The lamp for either single pulse or repetitive pulse purposes can be
constructed in various geometries to suit the desired installation
requirements and illumination characteristics. A high thermal conductivity
material such as alumina can be employed as the substrate. Alumina is
available in the green state that can be shaped to fit the intended
geometry of the lamp in which it is employed. An embodiment is shown in
cross section in FIG. 5 in which the alumina substrate is shaped to fit
the contour of the backplane. Referring to FIG. 5 a backplane 200 is
provided by a V shaped metal block disposed within an insulating
structural support 202. An alumina substrate 204 is disposed in the V
shaped surfaces of the block 200 and extends over the structural support
202 as shown. A fused silica or other optically transmissive window 206 is
disposed over the upper edges of the substrate and is clamped to the
structural support 202 to provide a sealed enclosure. Although not shown
the enclosure includes end plates to provide a sealed chamber 208 which
contains a suitable gas such as xenon. A pair of electrodes (not shown)
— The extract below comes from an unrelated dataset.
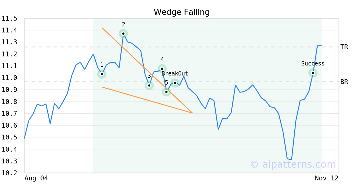 On September 19, 2025, A.I.dvisor detected a Wedge Falling Pattern (Bullish) for Direxion Daily MSFT Bear 1X ETF (MSFD, $10.77). On September 23, 2025, A.I.dvisor confirmed the Bullish pattern, setting a target price of $11.26. 43 days later, on November 05, 2025, MSFD reached the target price resulting in a for traders who took a long position in the stock.

are provided at respective ends of the substrate 204 and are connectable
to a PFN. The backplane 200 is connectable to an external trigger source
for repetitive pulse operation, or is connected to the ground electrode
for single pulse operation. During operation a V shaped plasma is produced
as illustrated.
Another embodiment is shown in FIG. 6, in which a cylindrical plasma is
provided within a parabolic or other reflective housing. The backplane is
provided by a metal tube 220 about which is disposed a substrate 222 of
alumina or fused silica. The tube interior is not exposed to the gas
environment of the lamp and can be cooled by air or other coolant flowing
therethrough. Electrodes 224 and 226 of ring shape are provided around
respective ends of the substrate as shown, and these electrodes are
connectable to a suitable energy source. The backplane is electrically
connected to the ground electrode to serve as a current return. The rod
220 is mechanically supported by an opening in the transparent window 228
and an opening in the reflecting enclosure 230. The rod 220 could
alternatively be cantilevered from one end. The plasma covers the entire
circumference of the tube between the electrodes. The length of the plasma
and its position can be confined to a region along the axis that is best
collimated by the reflector. In this embodiment the light output is
confined to a small angle of divergence to illuminate subjects at a
distance. Many other geometries can be provided in accordance with the
principles of the invention.
For applications in which high power must be further dissipated, the
backplane can be cooled by a coolant fluid flowing across the backplane
surfaces or through openings or channels formed in the backplane. The
backplane may also have a finned construction to increase the heat
dissipation surfaces. The gas within the enclosure can also be circulated
and cooled to provide thermal management. The gas can be moved by active
means such as a pump. Alternatively, the pressure increase during lamp
operation can be used to cause circulation of gas through a reservoir/heat
exchanger as shown in FIG. 7.
Referring to FIG. 7 a lamp is shown in which the substrate is provided by a
fused silica tube 201. Metal tubes 203 and 205 are disposed in respective
ends of silica tube 201 and serve as electrodes as well as tubes for gas
cooling. Ring shaped electrodes 207 and 209 may also be employed as shown
to provide larger electrodes which also function as heat sinks. A
thermally massive backplane 211 is provided on the outside of tube 201 and
is of hemispherical configuration as shown in FIG. 8. The backplane may
have an array of fins 213 for cooling. The electrode 205 is connected via
electrically insulative plastic tubing 215 to a reservoir and heat
exchanger 217. The tubing 216 connects electrode 203 to reservoir 217 via
a check valve 219. The tubing 216 is metal for thermal dissipation and is
of larger diameter than that of tubing 215. The metal tubing also has
higher temperature capability to handle the hot exhaust gas from the lamp.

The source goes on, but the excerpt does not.